While FLSA coverage—both so-called “enterprise” based coverage and individual coverage of a specific worker—remains broad, such coverage generally does not extend to individuals who do not work for a covered enterprise and do not “directly participate in the actual movement of persons or things in interstate commerce.” In reviewing a trial court decision, the Court of Appeals for the Eleventh Circuit recently provided guidance as to the scope of individual coverage. This decision is important in many jurisdictions such as Florida, where numerous single plaintiff FLSA cases are filed against smaller employers who may not be subject to enterprise coverage. Pino v. Painted, 2014 U.S. App. LEXIS 8831 (11th Cir. 2014).

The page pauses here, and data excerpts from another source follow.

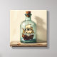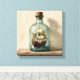 A canvas art with an illustration of a ship in an antique bottle. Frame it and it will be lovely for a man cave or office.
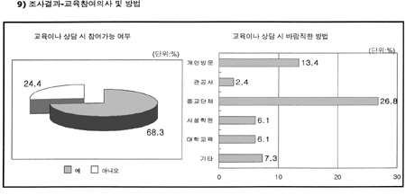 위와 같은 교육이나 상담 시행 시 참여 가능여부에 대하여 조사한 결과 68.3%가 참여하겠다고 답했는데, 베트남 여성들은 그보다 더 높은 72,7%가 교육이나 상담에 참여할 것이라고 응답하여 교육상담이 매우필요하다는 의견을 갖고 있다. 교육이나 상담의 바람직한 방법에 대하여 베트남 여성들은 무응답을 제외하고 YMCA 등 종교단체가 가장 높게 나타났다.
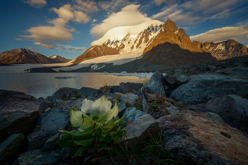 在博格达峰下冰川湖的岸边,一朵雪莲花静静开放。
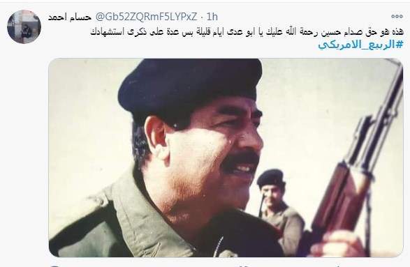 وتابع آخر: "هذه هو حق صدام حسين رحمة الله عليك يا ابو عدى ايام قليلة بس عدت على ذكرى استشهادك #الربيع_الامريكي".
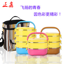 彩色彩虹304不锈钢保温饭盒4层 保温桶多层饭盒保温盒便当餐盒
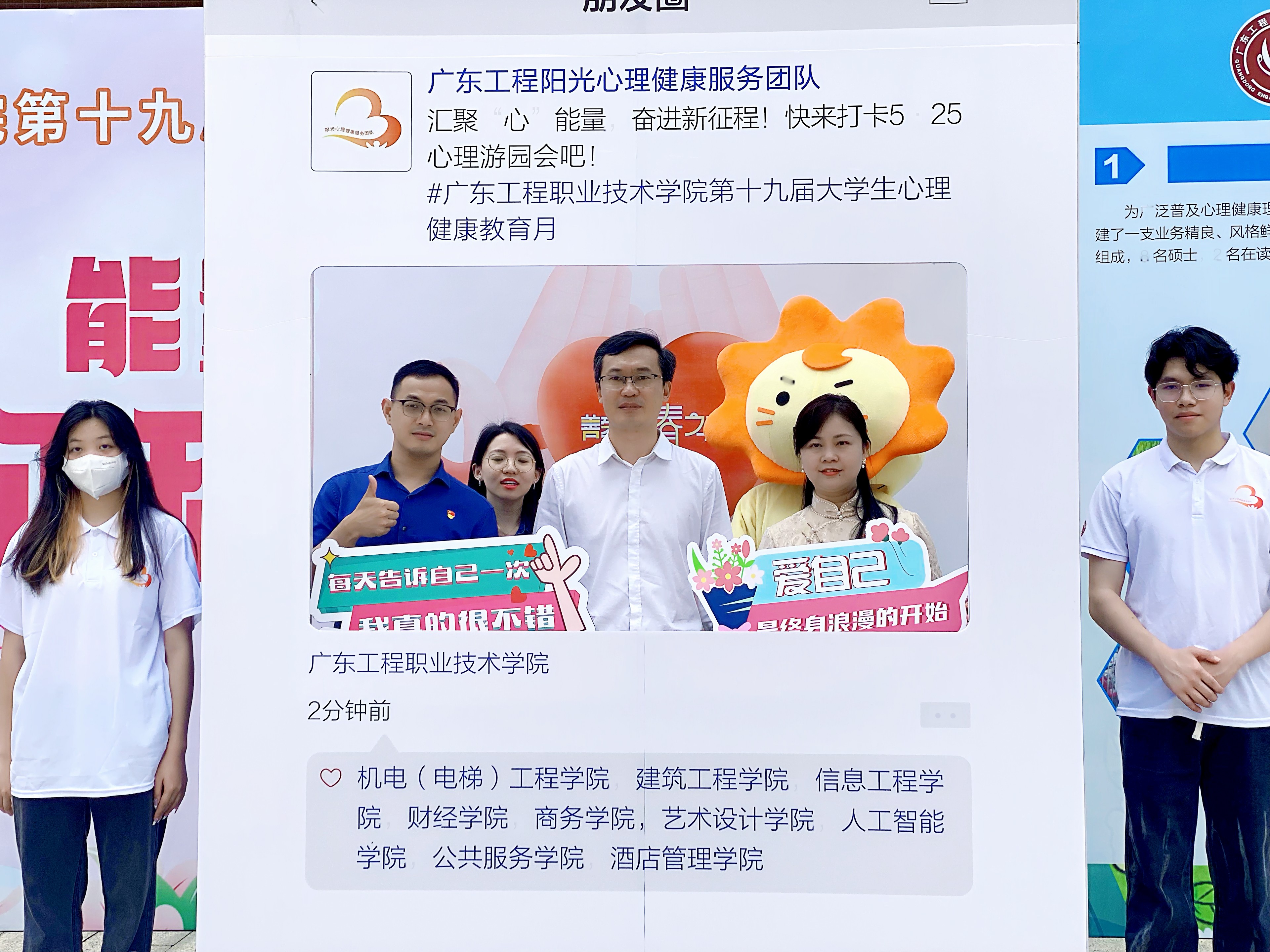心理健康教育是提升学生素质的重要组成部分,学校“5·25 大学生心理健康月”系列活动紧紧围绕“三全育人”工作,积极响应广东省教育厅的号召,一方面充分利用微信公众号、大型展板等宣传渠道,广泛开展学生心理健康知识和预防心理问题科普教育,生动展示我校广大学子积极、阳光、向上的精神面貌,全面展现新时代中国青年应有的精气神;另一方面,心理健康师生团队凝心聚力,全面提升,深入学生群体,举办喜闻乐见的各项心理健康系列活动,搭建了学校与学生、学生之间心灵沟通的桥梁,增强了学生的心理幸福感,提升了我校心理育人效果,丰富了学生们的校园文化生活,营造了有利于学生健康成长成才的环境和氛围。
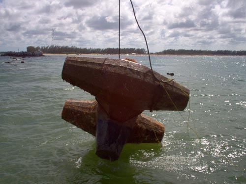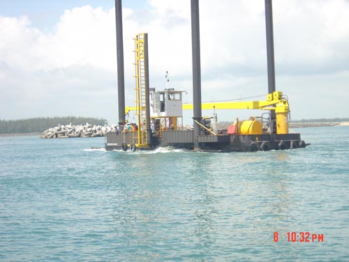 Ampliación de la escollera submarina Norte en su tercera etapa, se colocaron 16,000 toneladas de roca basaltica y 200 core-locs de 20.52 toneladas cada una habiendo aumentado 60 metros.
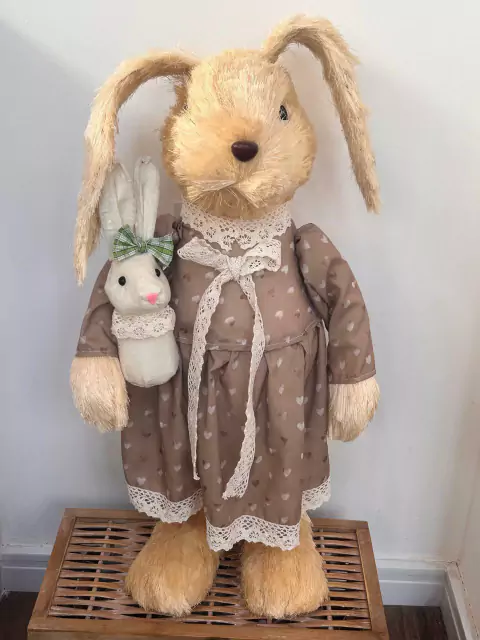 Coelha em pé de palha bege com 60cm de altura.

In Pino, plaintiff worked for defendant’s local pleasure boat painting business. He never traveled outside of Florida, but worked on boats exclusively in south Florida. Plaintiff argued that some of the boats he painted were “destined for interstate commerce” and also had foreign registries. The Court ruled that Plaintiff’s painting was a “purely intrastate activity…[because] there is nothing about painting pleasure boats that directly moves the boats into interstate commerce.” The Court explained that the boats’ interstate nature “ended when the boats reached their ultimate consumer,” and that the mere painting of boats with foreign registries did not have the “close and immediate” connection with interstate commerce sufficient to trigger coverage.
Closely held, “local” businesses must analyze their status as employers under the FLSA, preferably before litigation is filed. Of course, at all time, the applicability of state law (to the extent there is a governing state wage-and-hour law) also should be considered.